Bild: Milchbauern aus Tradition: Christoph Rohwer und sein Vater Jochen betreib…
Holte taz | Ihr Europäer scheint Milch statt Blut in den Adern zu haben“,
sagt eine ehemalige Sklavin in Voltaires „Candide“. Würde das stimmen, sä…
es schlecht aus für die Europäer. Zwar gibt es derzeit Unmengen von Milch
auf dem Markt, der Verkauf und Export bringt aber nichts mehr ein.
Zum Beispiel bei der Familie Schulte in Holte. Bei ihr müsste die Welt
eigentlich in Ordnung sein. Holte ist ein 510-Seelen-Dorf in der
Leda-Niederung in Ostfriesland. Hier wird flächendeckend entwässert,
überall Gräben, Tiefs und Entlastungspolder. Vor gut zweihundert Jahren war
hier Sumpf und Moor. Oft war wegen Hochwassers „Land unter“. Heute ist hier
Grünland und eine beliebte Urlaubsregion.
An diesem Morgen passt nur noch eine elegante Wiesenweihe zwischen Weide
und den schweren, frostigen Frühnebel. Keine 20 Meter Sicht. Der
Schulte-Hof liegt direkt an einem neugestalteten Vogelschutzgebiet. Kühe
wird man hier vergeblich suchen. Die stehen in den Ställen.

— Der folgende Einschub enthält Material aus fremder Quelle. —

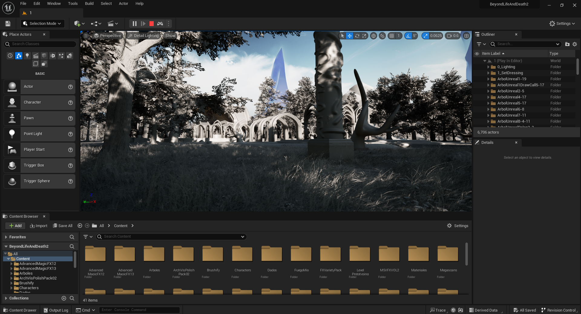 There are many visual improvements planned for the future. Adding foliage, extra areas, and luminous NPCs walking across the scene are a few of our next steps; modeling dozens of runes triggering glowing effects and more! Since most characters reside in their spiritual form, we are considering a luminous shader, bringing light to certain sections with different colors (bearing in mind Lumen)
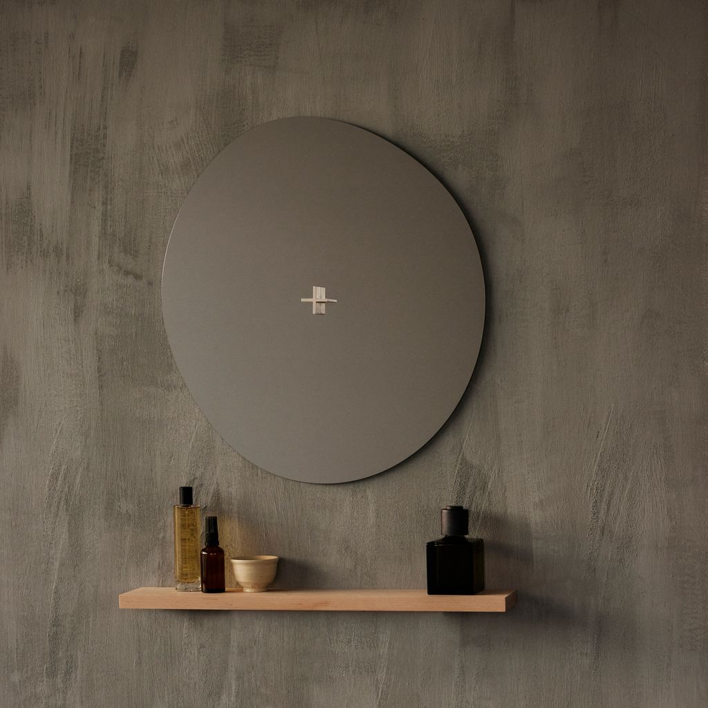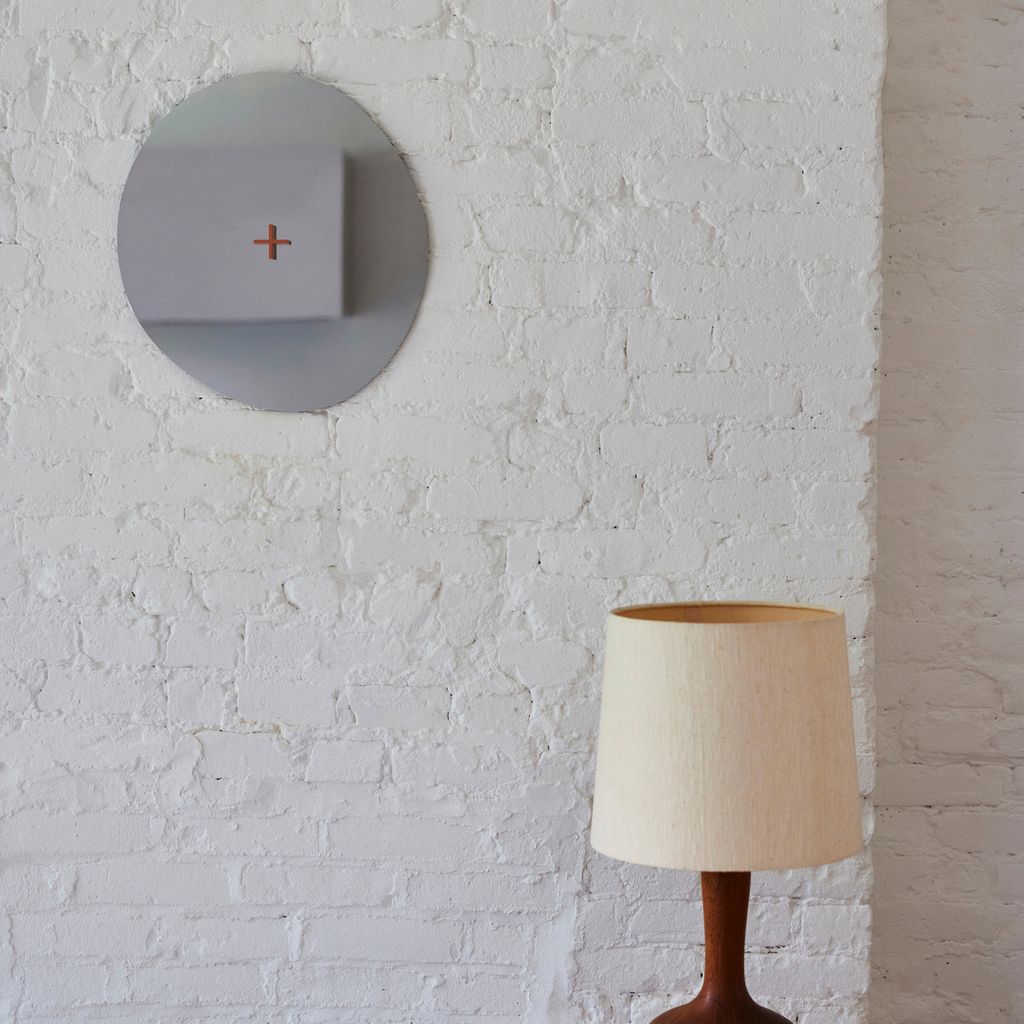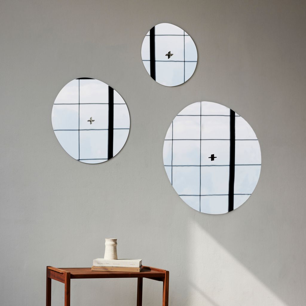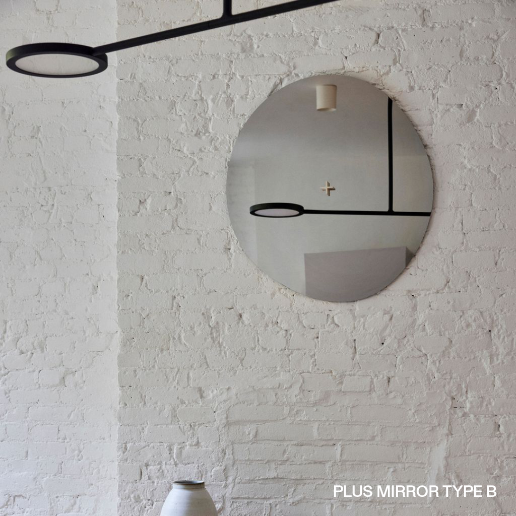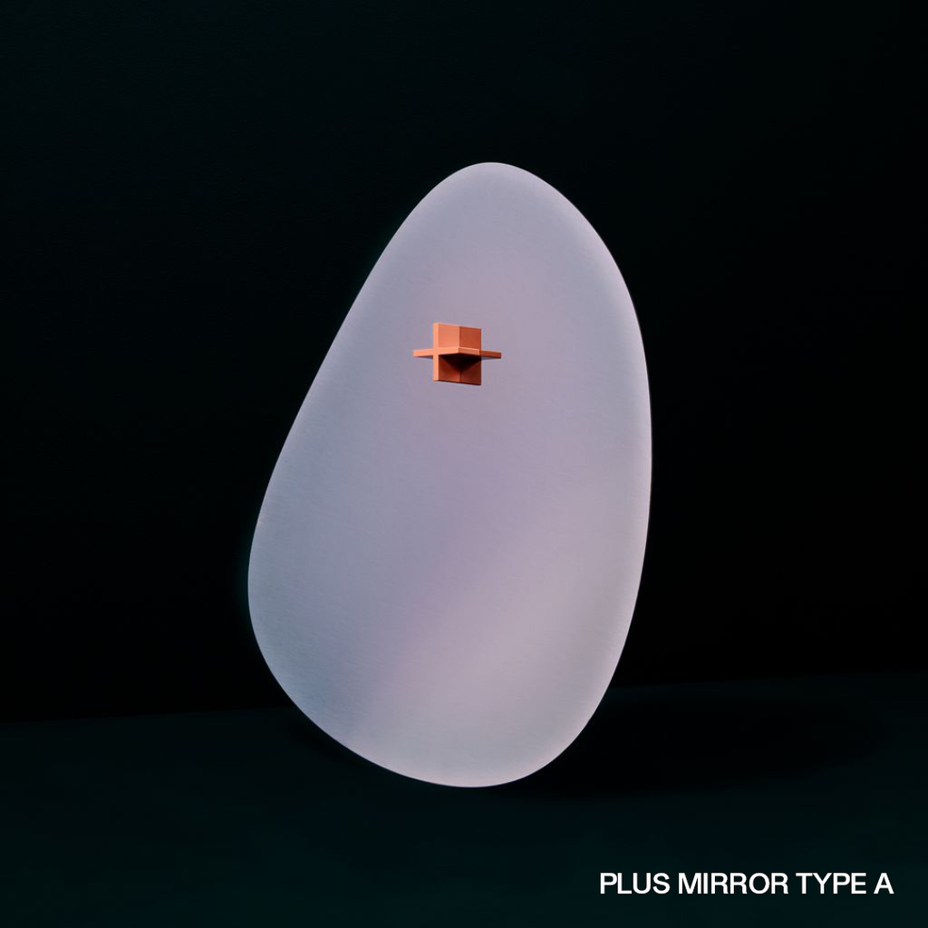 Plus Mirrors are frameless, float away from the wall, and are supported by plus-shaped brackets located along their vertical centers. The mirrors are available in two shapes: Type A (oblong) and Type B (circular). Each shape is available in three sizes. The plus-shape brackets for all of the mirrors are available in four colors as well as hand-polished aluminum.

Bei Schultes sind es 139 Milchkühe und gut 100 Kälber. Die Schultes ziehen
sich ihre eigenen Milchkühe und kaufen so wenig wie möglich dazu. „Das ist
sicherer, wir schleppen uns dann hoffentlich keine Krankheiten ein. Und
Kälber verkaufen, das bringt nichts. Da können wir die Tiere gleich
verschenken. Ein Kalb ist nichts mehr wert,“, ein langer Satz für Hilmar
Schulte, der als echter Ostfriese die kurzen Sätze liebt.
Schon vor sechs Uhr stiefeln Bertraud, Sohn Hilmar Bernd und Hilmar Schulte
durch ihren Hightech-Stall. Es sind Minus zwei Grad. Bodenheizung gibt es
nicht. Die Kälte lässt den Atem der Tiere kondensieren. Wie eine Fahne weht
er vor den Mäulern der Schwarzbunten. Die Milchkühe mampfen ihr mit Mais
und Soja angereichertes Silagefutter, das ihnen von einem Selbstfahrzeug im
breiten Mittelgang des Stalles vor die Fressluken abgelegt wird. „So ein
Ding gibt es nicht so oft“, meint Landwirt Schulte.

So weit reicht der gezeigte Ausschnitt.